I'll give you clue--they don't "help eat the leftovers." You'll be lucky if YOU can find a leftover or two to scarf. If you like 'nice' things--forget it. Plan on replacing a lot of broken stuff. There's not much economy of scale in the bicycle you need to buy them....every few years as they grow. They don't wear out clothing, the outgrow or lose it. Unless you plan to isolate them, they will watch tv and have friends and then want everything they saw on tv or saw their friend with. They'll want their own cellphones. They'll want you to drive them here or there (or buy a car for them). And tell us about the "economy of scale" on their car insurance rates.

Of course, when all this happens, you can explain to them how you are planning on retiring early and don't want to spend money on any of that useless stuff. They'll understand.
Well, I've got one right now, another one due in 7 weeks, and that might not be the last. Let's just say that you and I seem to have different opinions of how to properly raise a child. I'm more on the "Nords" side of things - if she wants to buy it, that's fine. That's what her allowance is for.

I can understand and respect that different folks have different ways in which they desire to raise their children. I grew up in a very frugal household, and I can't say anything was lacking for me as I grew up. If I wanted to buy something, I did - with my own money. I expect to give the same quality of life to my child. I don't harbor any bitter resentment towards my parents for it today. In fact, I think it made me a better person.

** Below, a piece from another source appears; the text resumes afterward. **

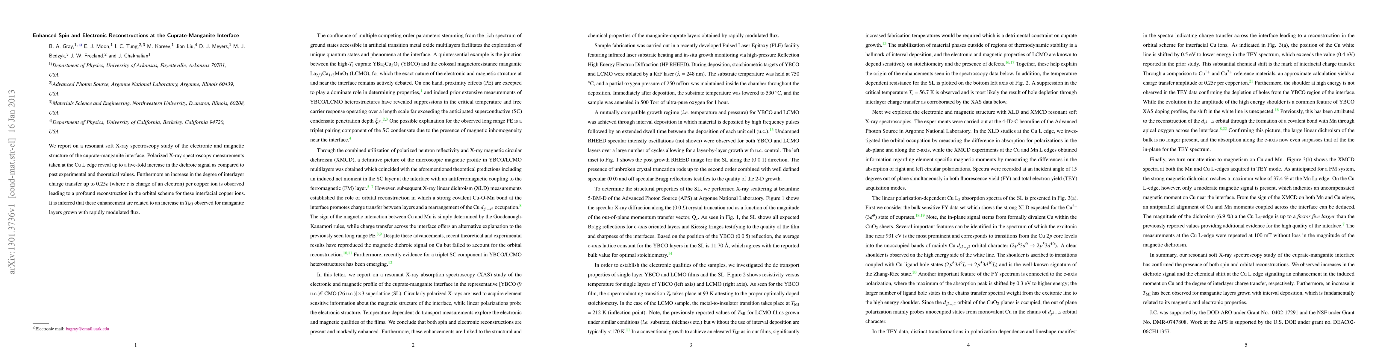 We report on a resonant soft X-ray spectroscopy study of the electronic and magnetic structure of the cuprate-manganite interface. Polarized X-ray spectroscopy measurements taken at the Cu L edge reveal up to a five-fold increase in the dichroic signal as compared to past experimental and theoretical values. Furthermore an increase in the degree of interlayer charge transfer up to 0.25e (where e is charge of an electron) per copper ion is observed leading to a profound reconstruction in the orbital scheme for these interfacial copper ions. It is inferred that these enhancement are related to an increase in TMI observed for manganite layers grown with rapidly modulated flux.

Besides, my kids have uncles and aunts that spoil them with endless quantities of "stuff".

In the future, if my kids actually needed something that I couldn't afford on my 4% SWR (or whatever), then I'd probably figure out a way to take care of it, including working.

Worse case - I'm wrong, kids cost more than I think, and I ER in 12 years instead of 10. A trade I would make without blinking an eye.

It is amazing to me that the bottom 20% of families raise kids on $4000/yr and the top 20% spend $30,000/yr (made up numbers, but the magnitude is correct).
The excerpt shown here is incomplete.